* _Problem description_
Excluding pictures, what does the listing below contain from the line with "梁总在致辞中表示,雍兴门业1" up to and including the line with "conique de Breville", word for word?

* _Entries supplied_

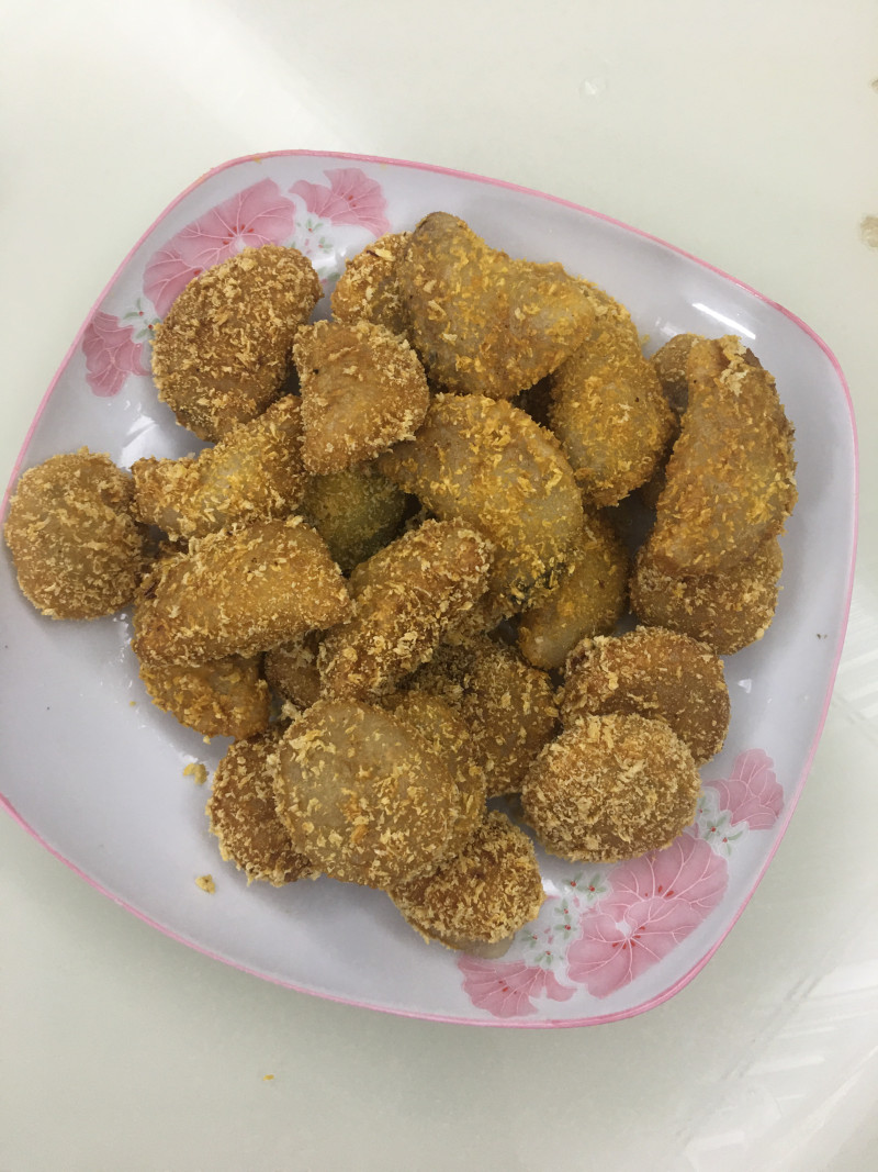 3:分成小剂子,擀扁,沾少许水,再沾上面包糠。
---
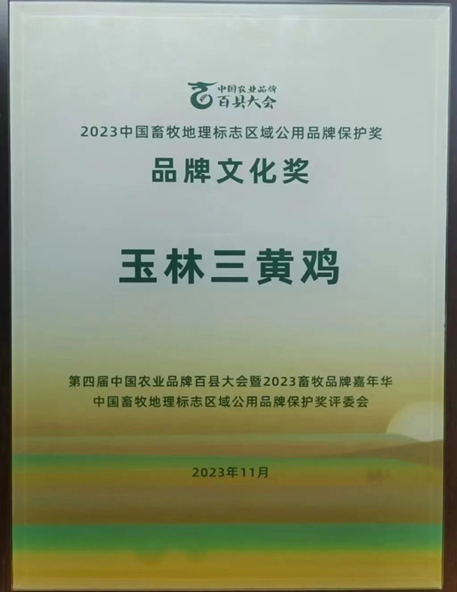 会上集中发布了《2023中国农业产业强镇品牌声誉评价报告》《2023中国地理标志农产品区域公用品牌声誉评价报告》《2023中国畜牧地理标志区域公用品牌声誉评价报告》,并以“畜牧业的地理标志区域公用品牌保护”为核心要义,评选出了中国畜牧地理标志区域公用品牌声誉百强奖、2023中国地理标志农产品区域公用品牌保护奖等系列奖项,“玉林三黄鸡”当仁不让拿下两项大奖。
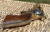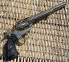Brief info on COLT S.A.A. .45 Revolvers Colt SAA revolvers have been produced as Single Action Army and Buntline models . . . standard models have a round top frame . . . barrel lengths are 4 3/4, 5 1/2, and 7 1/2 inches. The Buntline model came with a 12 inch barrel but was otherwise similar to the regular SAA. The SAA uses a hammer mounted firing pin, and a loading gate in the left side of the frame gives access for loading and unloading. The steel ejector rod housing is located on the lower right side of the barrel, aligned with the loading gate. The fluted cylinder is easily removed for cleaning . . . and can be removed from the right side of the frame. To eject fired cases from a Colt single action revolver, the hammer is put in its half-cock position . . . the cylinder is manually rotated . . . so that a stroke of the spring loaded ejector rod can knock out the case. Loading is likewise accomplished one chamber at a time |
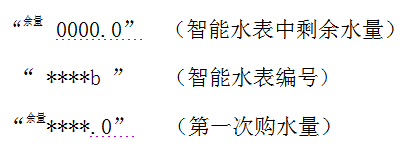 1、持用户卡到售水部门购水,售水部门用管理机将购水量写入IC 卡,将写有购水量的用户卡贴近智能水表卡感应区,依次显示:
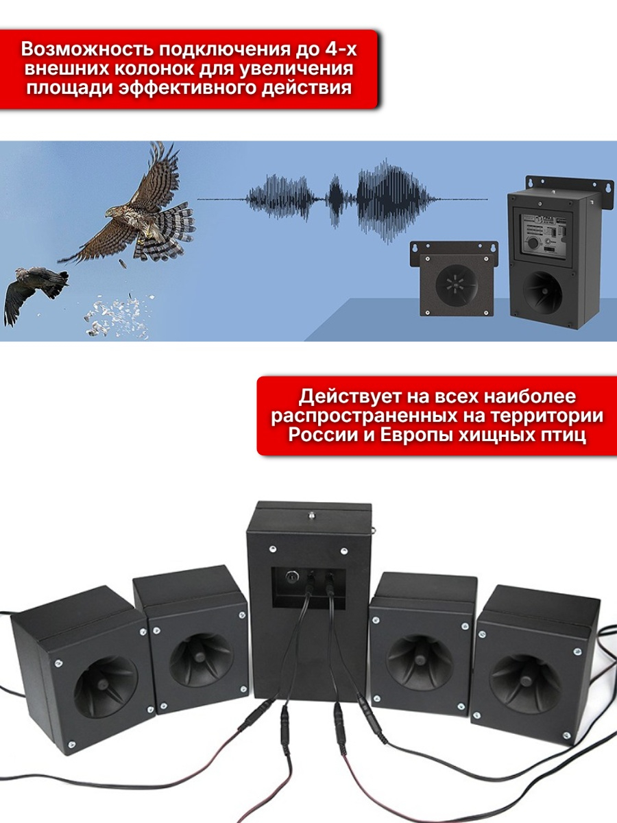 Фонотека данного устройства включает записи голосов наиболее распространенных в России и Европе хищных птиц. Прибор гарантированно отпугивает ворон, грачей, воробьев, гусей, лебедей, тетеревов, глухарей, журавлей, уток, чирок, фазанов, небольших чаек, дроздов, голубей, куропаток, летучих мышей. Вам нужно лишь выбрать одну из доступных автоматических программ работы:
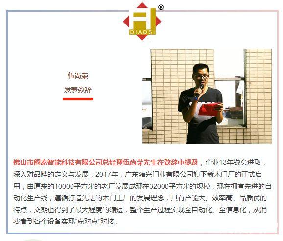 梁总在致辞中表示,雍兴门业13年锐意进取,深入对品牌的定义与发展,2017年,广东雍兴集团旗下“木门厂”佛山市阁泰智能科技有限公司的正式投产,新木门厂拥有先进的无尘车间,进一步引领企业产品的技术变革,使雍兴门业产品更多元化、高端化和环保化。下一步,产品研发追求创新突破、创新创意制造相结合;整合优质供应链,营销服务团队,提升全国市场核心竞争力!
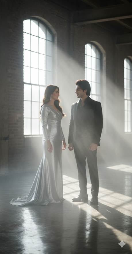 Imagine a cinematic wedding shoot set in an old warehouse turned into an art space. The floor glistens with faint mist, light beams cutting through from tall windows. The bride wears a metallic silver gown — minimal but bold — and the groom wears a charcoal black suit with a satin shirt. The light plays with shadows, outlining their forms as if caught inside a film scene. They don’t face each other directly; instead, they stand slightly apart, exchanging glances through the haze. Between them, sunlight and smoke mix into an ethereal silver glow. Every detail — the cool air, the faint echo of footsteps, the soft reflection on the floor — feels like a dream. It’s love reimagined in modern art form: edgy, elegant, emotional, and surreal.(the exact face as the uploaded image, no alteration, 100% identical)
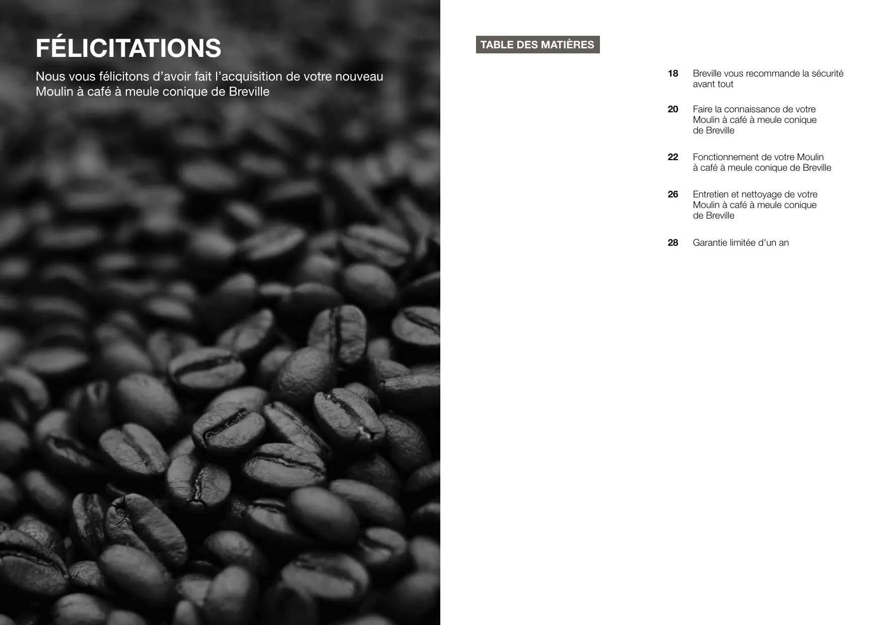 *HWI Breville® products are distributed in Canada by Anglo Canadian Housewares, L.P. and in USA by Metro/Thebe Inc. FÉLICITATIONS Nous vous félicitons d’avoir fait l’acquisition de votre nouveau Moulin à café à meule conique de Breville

* _Response area_
 梁总在致辞中表示,雍兴门业13年锐意进取,深入对品牌的定义与发展,2017年,广东雍兴集团旗下“木门厂”佛山市阁泰智能科技有限公司的正式投产,新木门厂拥有先进的无尘车间,进一步引领企业产品的技术变革,使雍兴门业产品更多元化、高端化和环保化。下一步,产品研发追求创新突破、创新创意制造相结合;整合优质供应链,营销服务团队,提升全国市场核心竞争力!
 Imagine a cinematic wedding shoot set in an old warehouse turned into an art space. The floor glistens with faint mist, light beams cutting through from tall windows. The bride wears a metallic silver gown — minimal but bold — and the groom wears a charcoal black suit with a satin shirt. The light plays with shadows, outlining their forms as if caught inside a film scene. They don’t face each other directly; instead, they stand slightly apart, exchanging glances through the haze. Between them, sunlight and smoke mix into an ethereal silver glow. Every detail — the cool air, the faint echo of footsteps, the soft reflection on the floor — feels like a dream. It’s love reimagined in modern art form: edgy, elegant, emotional, and surreal.(the exact face as the uploaded image, no alteration, 100% identical)
 *HWI Breville® products are distributed in Canada by Anglo Canadian Housewares, L.P. and in USA by Metro/Thebe Inc. FÉLICITATIONS Nous vous félicitons d’avoir fait l’acquisition de votre nouveau Moulin à café à meule conique de Breville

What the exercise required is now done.